From the first line to the last, restate the records word for word, skipping the pictures.
===== Extracted entries =====
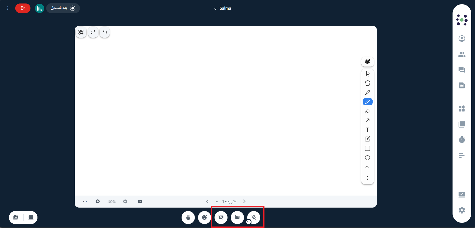 في حال عدم تفعيل الصوت، سيتم دخول القاعة على وضع المستمع فقط دون القدرة على التحدث.
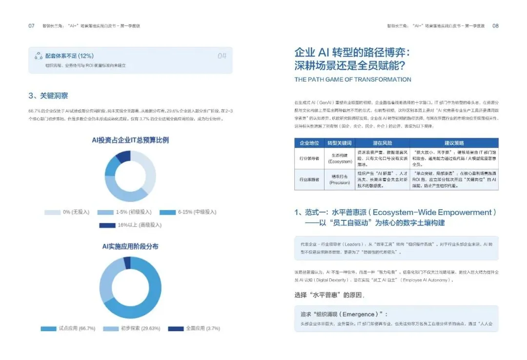 在生成式AI(GenA)重塑商业版图的初期,企业面临着战略选择的十字路口。T部门作为转型的牵头者,在资源分配与文化构建上呈现出两种截然不网的范式。在转型初期,这种区别本质上是对“AI究竞是专业生产工具还是通用数字素养”的认知差异。公号后台回复“9”,在AI大模型·领地知识星球查看~......
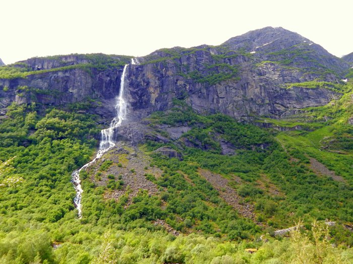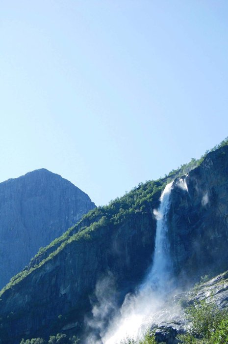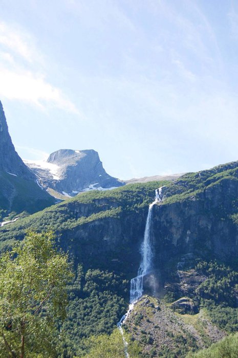 Every year a large number of people travel to the Klivafussen and Briksdal glacier without noticing that there are more majestic natural attractions in the surrounding areas. Dozens of waterfalls (named and unnamed) flow down the mountain from the snow melted from the glaciers. The most famous of these waterfalls, and a place that should not be missed, as the pure water rushing from the top with great force will form a scene that visitors will not want to miss the opportunity to see!
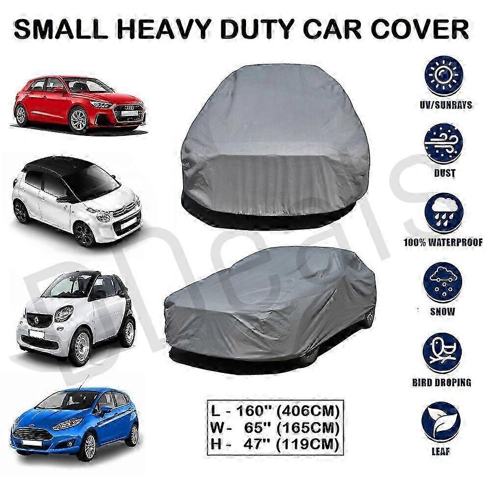 HEAVY DUTY CAR PROTECTION COVER Protect your investment/asset with these heavy duty waterproof car covers. Your vehicle will have MAXIMUM PROTECTION from snow, acidic rain, dust, UV rays & bird droppings. These covers are suitable for indoor and outdoor use ensuring MAXIMUM PROTECTION in all weather conditions. Features: - Toughened fully waterproof polyester coating - Soft cotton lining to prevent damage to paint work - Double seamed stitching - Elasticated hem for snug fit - FREE storage bag included - 4x tie down straps to secure the cover Dimensions: Length - 160'' (406cm) Width - 65'' (165cm) Height - 47'' (119cm) Weight - 4kg OTHER SIZES ALSO AVAILABLE If unsure about fitment or anything else, feel free to
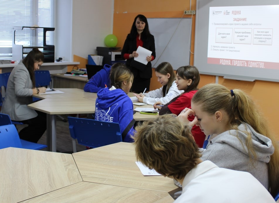Затем участники переместились в учебный класс, где состоялась основная часть совета — занятие на тему социального проектирования. Алёна Александровна подробно рассказала ребятам, что такое социальный проект и каким образом он отличается от обычного мероприятия. Особое внимание уделялось таким аспектам, как выбор названия проекта, правильная формулировка цели, определение целевой аудитории, выявление актуальности предложенной идеи и другое.
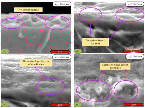 With the increase in cutting speed, the cutting area temperature increases significantly. This phenomenon is attributed to the extensive conversion of mechanical energy to thermal energy during the cutting process and the poor thermal conductivity of titanium alloy Ti6Al4V, which causes heat to accumulate in the cutting area. At high temperatures, titanium alloys react chemically with oxygen in the environment, resulting in surface oxidation. With a further increase in cutting speed, the cutting temperature rises, the oxidation reaction intensifies, and the oxide layer thickness increases correspondingly. The formation of the oxide layer changes the properties of the surface material and weakens its bonding strength with the base material. When the thickness of the oxide layer reaches a certain degree, under the action of cutting force, the oxide layer quickly falls off, resulting in defects on the machined surface and affecting the machining accuracy. This phenomenon is the main reason for the peeling phenomenon of the surface layer in Figure 4. The enlarged analysis of the metamorphic layer on the cutting surface shows that the surface topography presents an irregular structure (Figure 8a), stratification phenomenon (Figure 8b,c), and pores even appear in some areas (Figure 8d). All these factors reduce the binding force between the metamorphic layer and the substrate, thus causing the surface layer to fall off.
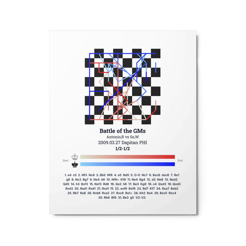 Museum-quality poster on thick, durable matte paper. A sharp, clean look for any chess visualisation.
=====
Solution to this task>
 في حال عدم تفعيل الصوت، سيتم دخول القاعة على وضع المستمع فقط دون القدرة على التحدث.
 在生成式AI(GenA)重塑商业版图的初期,企业面临着战略选择的十字路口。T部门作为转型的牵头者,在资源分配与文化构建上呈现出两种截然不网的范式。在转型初期,这种区别本质上是对“AI究竞是专业生产工具还是通用数字素养”的认知差异。公号后台回复“9”,在AI大模型·领地知识星球查看~......
 Every year a large number of people travel to the Klivafussen and Briksdal glacier without noticing that there are more majestic natural attractions in the surrounding areas. Dozens of waterfalls (named and unnamed) flow down the mountain from the snow melted from the glaciers. The most famous of these waterfalls, and a place that should not be missed, as the pure water rushing from the top with great force will form a scene that visitors will not want to miss the opportunity to see!
 HEAVY DUTY CAR PROTECTION COVER Protect your investment/asset with these heavy duty waterproof car covers. Your vehicle will have MAXIMUM PROTECTION from snow, acidic rain, dust, UV rays & bird droppings. These covers are suitable for indoor and outdoor use ensuring MAXIMUM PROTECTION in all weather conditions. Features: - Toughened fully waterproof polyester coating - Soft cotton lining to prevent damage to paint work - Double seamed stitching - Elasticated hem for snug fit - FREE storage bag included - 4x tie down straps to secure the cover Dimensions: Length - 160'' (406cm) Width - 65'' (165cm) Height - 47'' (119cm) Weight - 4kg OTHER SIZES ALSO AVAILABLE If unsure about fitment or anything else, feel free to
Затем участники переместились в учебный класс, где состоялась основная часть совета — занятие на тему социального проектирования. Алёна Александровна подробно рассказала ребятам, что такое социальный проект и каким образом он отличается от обычного мероприятия. Особое внимание уделялось таким аспектам, как выбор названия проекта, правильная формулировка цели, определение целевой аудитории, выявление актуальности предложенной идеи и другое.
 With the increase in cutting speed, the cutting area temperature increases significantly. This phenomenon is attributed to the extensive conversion of mechanical energy to thermal energy during the cutting process and the poor thermal conductivity of titanium alloy Ti6Al4V, which causes heat to accumulate in the cutting area. At high temperatures, titanium alloys react chemically with oxygen in the environment, resulting in surface oxidation. With a further increase in cutting speed, the cutting temperature rises, the oxidation reaction intensifies, and the oxide layer thickness increases correspondingly. The formation of the oxide layer changes the properties of the surface material and weakens its bonding strength with the base material. When the thickness of the oxide layer reaches a certain degree, under the action of cutting force, the oxide layer quickly falls off, resulting in defects on the machined surface and affecting the machining accuracy. This phenomenon is the main reason for the peeling phenomenon of the surface layer in Figure 4. The enlarged analysis of the metamorphic layer on the cutting surface shows that the surface topography presents an irregular structure (Figure 8a), stratification phenomenon (Figure 8b,c), and pores even appear in some areas (Figure 8d). All these factors reduce the binding force between the metamorphic layer and the substrate, thus causing the surface layer to fall off.
 Museum-quality poster on thick, durable matte paper. A sharp, clean look for any chess visualisation.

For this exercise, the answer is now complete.